Most of us have an idea of ​​what we would like to see happen to our belongings when we die. We would like our favorite niece to receive a special jewel or for our home (usually our most valuable asset) to be passed on to our children. But many of us have no idea how this happens. This article will explain what happens when we die and what happens to our things (the legal term for our things or belongings is our ‘heritage’).

A PLAN

If we have a plan to distribute our belongings, that usually means we have a will or trust. A will is a legal document that lets everyone know who will be the executor of your estate; who should receive your property; and how you want your estate to be managed. A will in California must be witnessed by at least two adults and signed by the person creating the will. It doesn’t have to be long. It does not have to be notarized. Your family members should be able to easily access the original copy of your will after your death. The probate process is the legal procedure for carrying out the wishes that you have stated in your will. Without it, the court will implement its backup plan. A properly valid trust is not required to go through the probate process unless challenged. Also, more informal plans, such as “pay upon death” accounts, do not have to go through an estate.

The petition

Presenting the will to the court is the first step in the probate process. This is done with a petition asking the court to recognize the will as your final wishes. The petition also asks the court to authorize the person you named in the will as your executor to carry out your final wishes. Generally, the person you have appointed as executor will prepare the petition or hire an attorney or legal document preparer to do so. The person requesting the court’s authority is called the petitioner.

The petitioner must identify all members of your immediate family, your spouse who died before you, and all the people you named in your will. The petition must also state your assets, an estimated value of your property, the type of authority that should be given to the potential executor (limited control versus independent control), and if a bond is required. The petition is a court-required form and when completed, it must be sent to the court along with a copy of the will. The original copy of your will must be filed with the court, which is kept on file with the court.

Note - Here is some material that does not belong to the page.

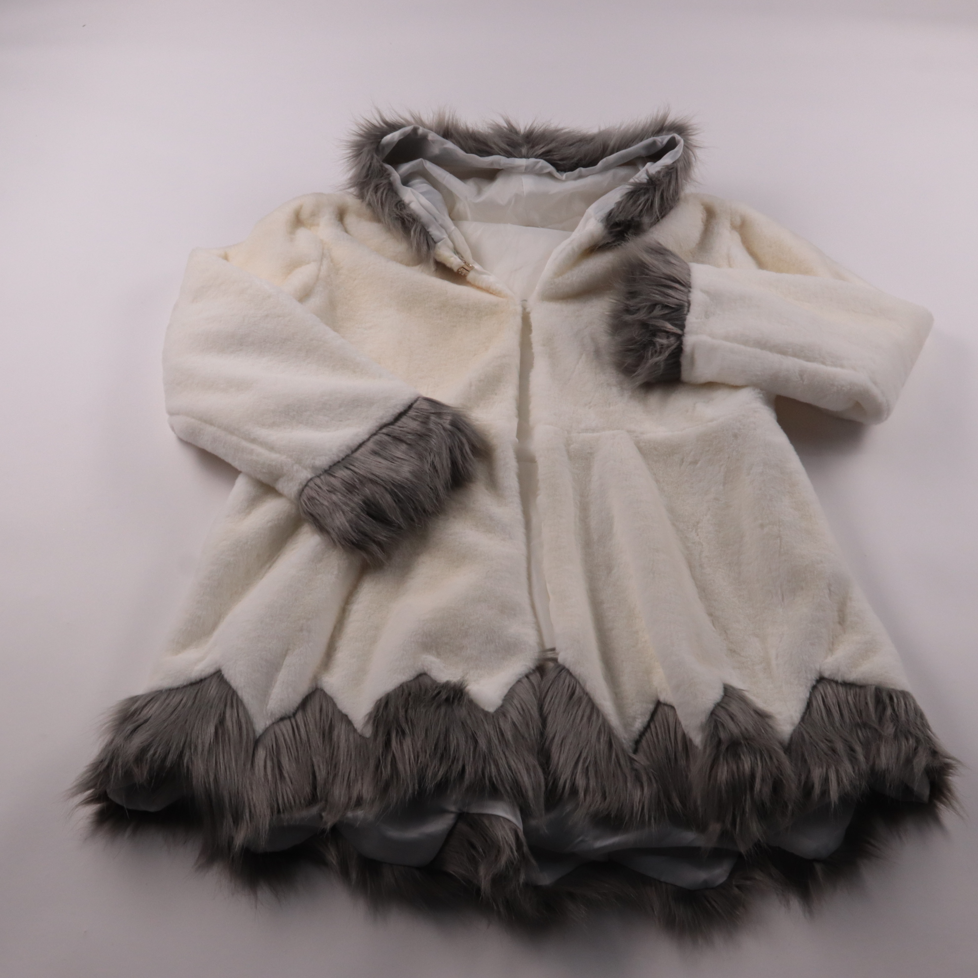 шуба Fashion белого цвета с серой меховой отделкой по капюшону, манжетам и низу. Подойдёт для зимних прогулок и поездок в холодную погоду. Мягкая подкладка добавляет комфорта и помогает сохранять тепло.

Once the petition is completed and a copy of the will is attached, it is presented to the court with the required filing fee. Currently, the filing fee in California is $ 435 for a legalization petition. Once the fee is paid, the court clerk will set a hearing date for the judge to decide on the petition. The court schedule varies from county to county. Some counties assign short dates within 15 to 20 days, while other courts are so far behind that the petitioner may not get a hearing date for two months. Before the hearing date, the court staff will review the petition and present it to the judge with any questions or comments.

Hearing

Before the judge issues a decision on the petition, a summary of the petition must be published in your local newspaper. In fact, the request must indicate the specific name of the newspaper in which the publication will be published. This publication is necessary to inform potentially interested parties that someone is seeking permission from the court to legalize their estate. This public notice gives anyone the opportunity to come forward and challenge the appointment of the executor or challenge the will itself. Family members and next of kin should receive a separate notice that should be mailed to them directly. Just as the newspaper ad gives the public the opportunity to object, the mailed notices offer family members the same opportunity.

Assuming no objections are raised and all procedural steps (such as notices) have been followed, the judge will grant the probate petition at the hearing and your executor will be officially appointed to manage your estate. It is at this time that an executor’s bond must be filed with the court, if necessary. After the hearing, your executor will receive signed copies of the probate order and letters of appointment. Like the petition, the petitioner is also responsible for preparing these documents for the judge’s signature. Your executor will need these two documents as proof that he is authorized by the court to pay your debts, collect all money owed to him at the time of your death, access all of your bank accounts or brokerage accounts, and take care of your property. . Almost all third parties, such as bank representatives, mortgage companies, title companies, and government officials, will require a copy of the order and letters before releasing any information about their affairs. Your executor will probably need a certified copy of these documents. Certified copies are available from the court clerk for an additional fee.

Once appointed, your executor will not only have control of your estate, but will also be accountable to the court and the beneficiaries for how your estate is managed. In fact, all actions taken during the administration of your estate must ultimately be reported to the court. And some actions, such as selling your home, require giving the beneficiaries and / or the court advance notice of the sale. But most importantly, your executor is responsible for carrying out your final wishes. The best thing you can do to facilitate that is to make sure your will has been properly executed, make sure your loved ones know where the original will is located, and finally make sure your wishes are clearly spelled out. Following these steps will facilitate the process of fulfilling your final wishes.